Tokyo, Japan - Blackmagic Design announced today that the Tokyo University of Information Science (TUIS) uses DaVinci Resolve as their post production software for students for all of their online post production classes. The university, who is a certified training partner for DaVinci Resolve, has also installed 10 sets each of DaVinci Resolve Studio, DaVinci Resolve Micro Panel and DaVinci Resolve Speed Editor for more advanced classes, as well as an URSA Broadcast and 10 sets of Blackmagic Pocket Cinema Camera 4K and two ATEM Mini Pros.
The faculty of Informatics at the TUIS offers a wide range of academic fields, including systems engineering, data science and media design, with a focus on computer based informatics.
Jun Asakawa, a professor of the Audio Visual Laboratory, says: "We have an elective class for mainly freshmen to learn video editing and we had been using different software to teach it. But due to the situation of Covid-19, we had to turn our classes online."
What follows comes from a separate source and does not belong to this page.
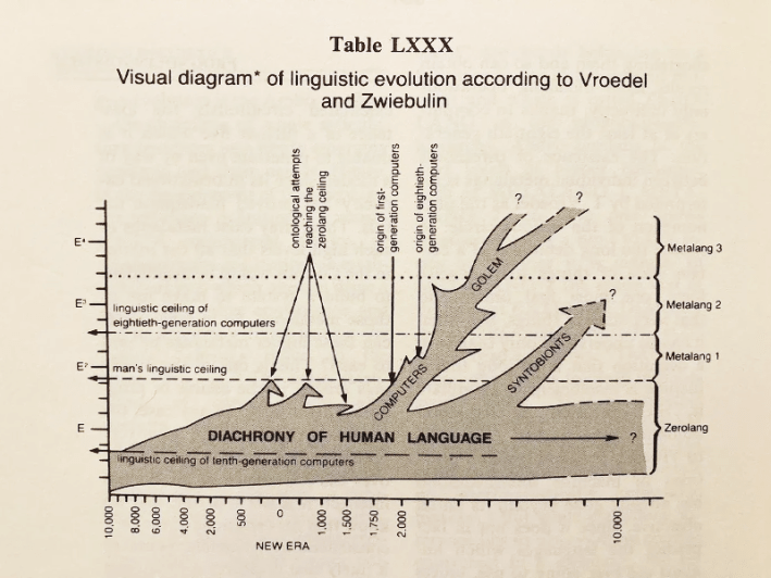 One of my favorite of Lem’s quasi-scientific graphs is the one below, on language development from his collection Imaginary Magnitude. I discussed it in the book, and we republished it in the project Latent Spacecraft. The graph shows computers taking use of human languages and inventing their own, which we cannot access. This is already happening in generative adversarial networks (GANs) that are encoding new information, unknown to us, into silences.

With no access to the university's facilities, and even if they did, it was impossible to have social distance because 70 or so students would be in a classroom . Asakawa had to find a way to conduct practical classes in the future. "I couldn't have all the students using the same software at home that we had been using in the studio, and I did not want them to pay for subscription based software. That's how we ended up with the free version of DaVinci Resolve.”
Asakawa continued: "We had students install DaVinci Resolve on their laptops, which the school gives to all freshmen. They used their smartphones to shoot and edit them in DaVinci Resolve for their assignments."
As a certified training partner for DaVinci Resolve, Asakawa and other faculty were ready to teach DaVinci Resolve in the class. They have learned the software as trainers and felt confident it would be a good application for their students to use. Unlike conventional film schools, TUIS is not a place that attracts only students who are interested in video and film. Many of the students in the online class with DaVinci Resolve had no experience in video production at all, but they were able to complete their work while presenting their own production progress via ZOOM.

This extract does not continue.